4. Un procedimiento según la reivindicación 1 o la reivindicación 2, en el que V es un vector para el receptor de fibronectina.

5. Un procedimiento según la reivindicación 1 o la reivindicación 2, en el que V es un vector para el receptor de VEGF.

6. Un procedimiento según la reivindicación 1 o la reivindicación 2, en el que V es un vector para el receptor del activador de plasminógeno de uroquinasa (UPAR).

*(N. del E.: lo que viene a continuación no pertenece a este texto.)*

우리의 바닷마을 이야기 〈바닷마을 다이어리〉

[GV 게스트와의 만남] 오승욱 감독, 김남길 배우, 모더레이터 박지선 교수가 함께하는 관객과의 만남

7. Un procedimiento según la reivindicación 1 o la reivindicación 2, en el que V se selecciona de la lista de restos vectores que comprende:

N^{2}-[3S-hidroxi-4-(N-hidroxiamino)-2R-isobutilsuccinil]-L-(4-oximetilcarboxi)fenilalanin-N^{1}-metilamida,

N-(4-octilfenil)-3-(2-carboxietil)-6,7-dihidro-5H-tiazolo[3,2-a]pirimidin-2-carboxamida,

N^{2}-[3S-hidroxi-4-hidroxiamino)-2R-isobutilsuccinil]-L-fenilalanin-N^{1}-metilamida,

clorhidrato de N-(6-aminohexil)-[4-(6,7-dimetoxi-quinazolin-4-ilamino)fenil]acetamida,

[2-(2-aminoetilcarbamoil)etil]amida del ácido 3-oxo-2-[2-(piridin-2-ilamino)etil]-2,3-dihidro-1H-isoindol-5-carboxílico, y

N-(6-aminohexil)-2-{3-[2-(4-clorobenciloxi)-2-(2,4-diclorofenil)etil]-3H-imidazol-1-il}acetamida.

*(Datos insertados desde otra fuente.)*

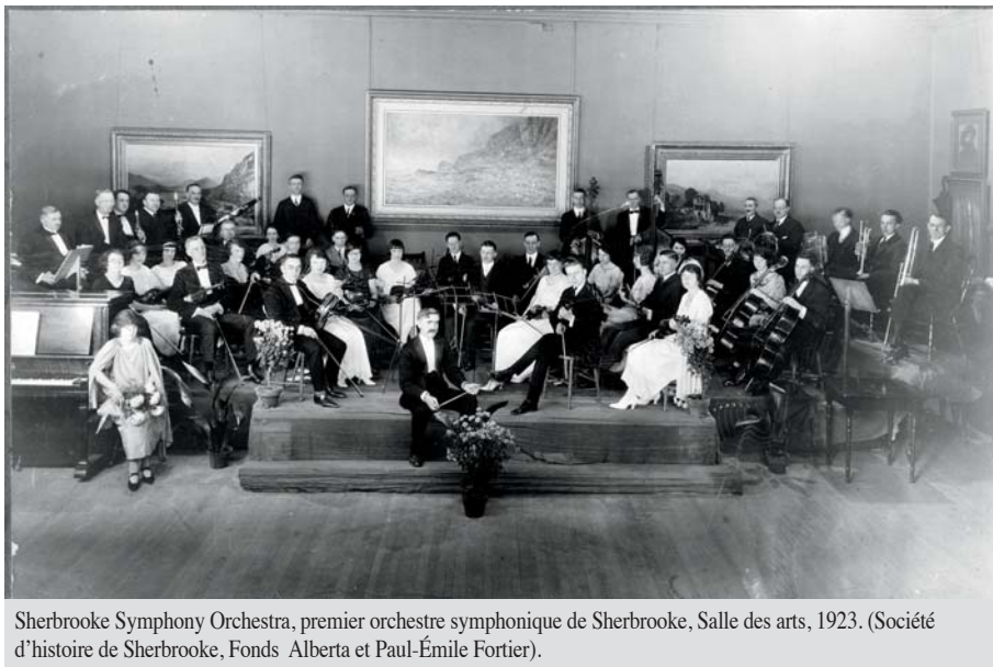
Sherbrooke Symphony Orchestra, premier orchestre symphonique de Sherbrooke, Salle des arts, 1923.

8. Un procedimiento según la reivindicación 1 o la reivindicación 2, en el que V-L-R se selecciona de los siguientes restos: quelatos de Gd(III), ^{99m}Tc o ^{131}I_{2} de los derivados de DTPA de los restos vectores según la reivindicación 7.

9. Un procedimiento según una cualquiera de las reivindicaciones 1 a 8, en el que R es un radionúclido.

10. Un procedimiento según la reivindicación 9, en el que R es un radionúclido de yodo o de metal.